New ZealandNorwayPakistanPeruPolandPeurto RicoRomaniaRussiaSingaporeSouth AfricaSudanSwedenThailandTurkeyUnited KingdomUSAUzbekistan

62-66 Clinical rheumatology. 1996, 15. Suppl. 1

The Use of a Low Starch Diet in the Treatment of Patients Suffering from Ankylosing Spondylitis


* Immunology Section, Division of Life Sciences. King's College. London.

* * Department of Rheumatology, UCL School of Medicine, Middlesex Hospital. London, England.

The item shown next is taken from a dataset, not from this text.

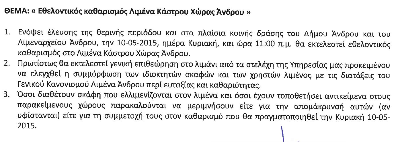 Το λιμαναρχείο Άνδρου στα πλαίσια των δραστηριότητων του και των ευθυνών του διενεργεί καθαρισμόμ του λιμανιού της Χώρας ενόψει καλοκαιριού και καλεί όλους τους ιδιοκτήτες σκαφών, αλλά και τους εκτελούντες εργασία να μαζέψουν τυχόν εργαλεία ή άλλα αντικείμενα που έχουν εκεί. Εγκαίρως και σωστά προειδοποιεί ώστε το λιμάνι να καθαριστεί και να προετοιμαστεί για το καλοκαίρι.

Summary The majority of ankylosing spondylitis (AS) patients not only possess HLA-B27, but during active phases of the disease have elevated levels of total serum IgA, suggesting that a microbe from the bowel flora is acting across the gut mucosa.
Biochemical studies have revealed that Klebsiella bacteria, not only possess 2 molecules carrying sequences resembling HLA-B27 but increased quantities of such microbes are found in fecal samples obtained from AS patients and such patients have Crohn's like lesions in the ileo-caecal regions of the gut. Furthermore AS patients from 10 different countries have been found to have elevated levels of specific antibodies against Klebsiella bacteria. It has been suggested that these Klebsiella microbes, found in the bowel flora, might be the trigger factors in this disease and therefore reduction in the size of the bowel flora could be of benefit in the treatment of AS patients.
Microbes from the bowel flora depend on dietary starch for their growth and therefore a reduction in starch intake might be beneficial in AS patients. A "low starch diet" involving a reduced intake of "bread, potatoes, cakes and pasta" has been devised and tested in healthy control subjects and AS patients. The "low starch diet" leads to a reduction of total serum IgA in both healthy controls as well as patients, and furthermore to a decrease in inflammation and symptoms in the AS patients.
The role of a "low starch diet" in the management of AS requires further evaluation.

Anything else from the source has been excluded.